Even though the project is still in its early stages, the work carried out so far already hints at how BIOntier can move beyond what is currently possible in the field of sustainable composites. What stands out most is the way the consortium is bringing together different strands of innovation, bio-based polymers, natural fibres, new additives, and circular design thinking, and turning them into a coherent and realistic pathway toward high-performance, low-impact materials. This combination is not common today, and seeing it take shape in a coordinated way is one of the project’s first meaningful steps beyond the state of the art.
The approach the project takes is also different from traditional materials development, which tends to focus on performance first and sustainability later. In BIOntier, the environmental footprint, the circularity potential, and the eventual end-of-life route are considered right from the laboratory stage.

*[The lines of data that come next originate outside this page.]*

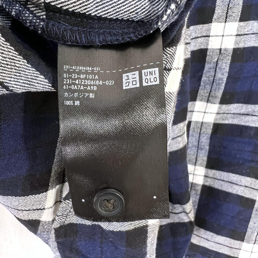 女性用のネイビー系の長袖チェックシャツ チェックブラウス 柄物シャツ 柄シャツ トップスです。中古品ですが目立つ傷や汚れもなく、まだまだ使えます 古着 株式会社ユニクロ 綿ニット コットンシャツ フランネルシャツ
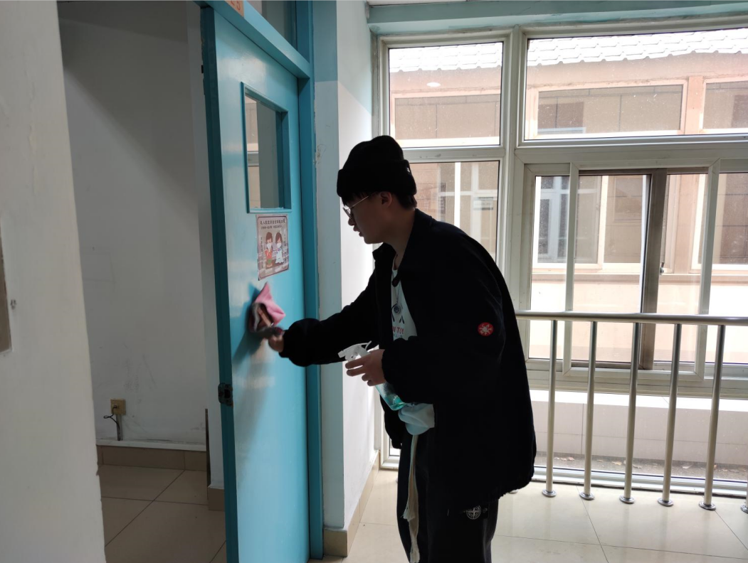 为做好疫情防控常态化工作,学员们利用午休时间,在教三楼2层做了全面的消毒工作。学员们用蘸有75%酒精的抹布擦拭桌面、椅子、门把手,进行清洁消毒,并在楼道中喷洒酒精喷雾,认真细致,不放过任何一个角落,保障了同学们的学习生活。各位学员也在志愿服务中收获了荣誉感、成就感,切实用行动服务同学,发挥了先锋模范作用。
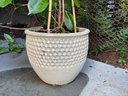 Live potted plant in textured cream colored ceramic planter.

This early integration of life-cycle thinking and Safe-and-Sustainable-by-Design principles helps steer decisions toward solutions that are not only technically promising but also compatible with future regulatory expectations. In a landscape where industries are under increasing pressure to meet circularity and climate-neutrality goals, this early alignment already places the project ahead of many current practices.
The first processing trials also point to progress that feels encouraging. Although still small-scale, these tests show that the emerging materials can be handled by familiar industrial processes without major disruption. Passing these initial checks is an important step, because one of the common barriers for bio-based materials is the fear that they will require entirely new equipment or drastically different processing conditions. Seeing that several of BIOntier’s materials can already enter existing workflows makes future uptake more plausible.
Another sign of maturity is the early identification of potential Key Exploitable Results. While these innovations are only beginning to form, partners have already started considering how they might evolve, whether through additional research, pilot-scale validation, standardisation pathways, or future intellectual-property protection. This early thinking helps smooth the journey from research to real-world impact and shows a shared commitment to turning scientific progress into something that can eventually support European industries.
Looking forward, the next steps, scaling up production, validating performance in realistic conditions, and aligning with standardisation and regulatory frameworks, will determine how far these innovations can go. But the first period has already shown that the technical groundwork is solid, the scientific direction is forward-looking, and the project has the potential to deliver solutions that truly advance the field of sustainable, high-performance biocomposites.